### Exercise
An exact copy of the data is required; the images should not appear in it.

### Given material
===============

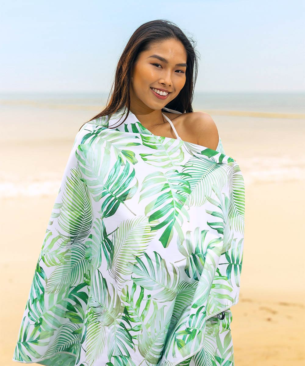 便㩦輕巧,比一部平板電腦還要輕! 彈性橡筋帶讓你輕鬆掛起毛巾,日本四合鈕扣*令毛巾貼服圍繞你的肩膀,讓你雙手可牽著你身邊的人和物!
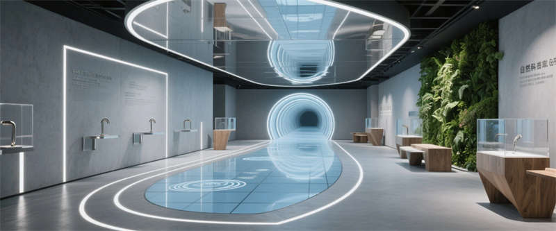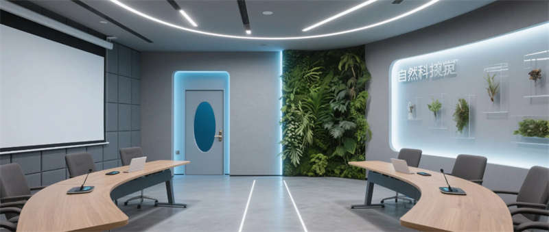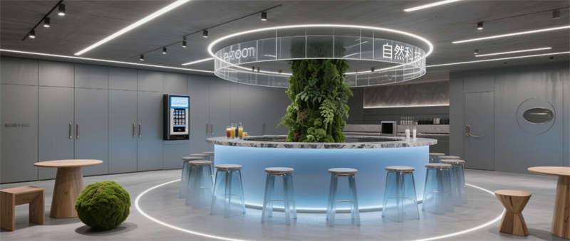 各区域通过四大统一性语言紧密串联:雾霾蓝椭圆金属门把手贯穿全空间,再生材料家具呼应可持续发展理念,声学墙面嵌入本地植物标本强化生态属性,智能灯光系统则通过4000K色温线性灯带实现昼夜场景的无缝切换。特别设计的全息投影展厅智能阶梯会议室,通过LED交互地屏与AR悬浮展台,将品牌科技基因融入空间体验。
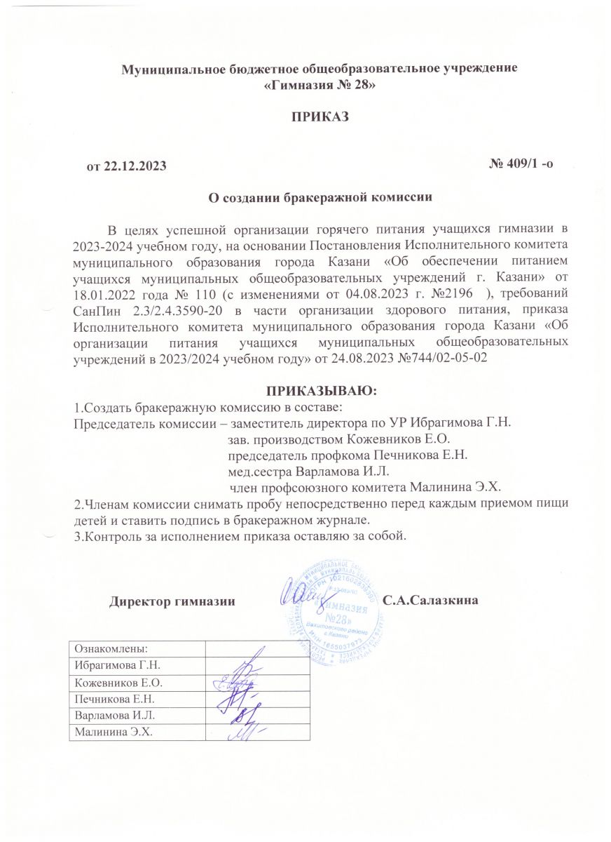 Приказ о создании бракеражной комиссии от 22.12.2023г.

===============

### Answer for this exercise
 便㩦輕巧,比一部平板電腦還要輕! 彈性橡筋帶讓你輕鬆掛起毛巾,日本四合鈕扣*令毛巾貼服圍繞你的肩膀,讓你雙手可牽著你身邊的人和物!
 各区域通过四大统一性语言紧密串联:雾霾蓝椭圆金属门把手贯穿全空间,再生材料家具呼应可持续发展理念,声学墙面嵌入本地植物标本强化生态属性,智能灯光系统则通过4000K色温线性灯带实现昼夜场景的无缝切换。特别设计的全息投影展厅智能阶梯会议室,通过LED交互地屏与AR悬浮展台,将品牌科技基因融入空间体验。
 Приказ о создании бракеражной комиссии от 22.12.2023г.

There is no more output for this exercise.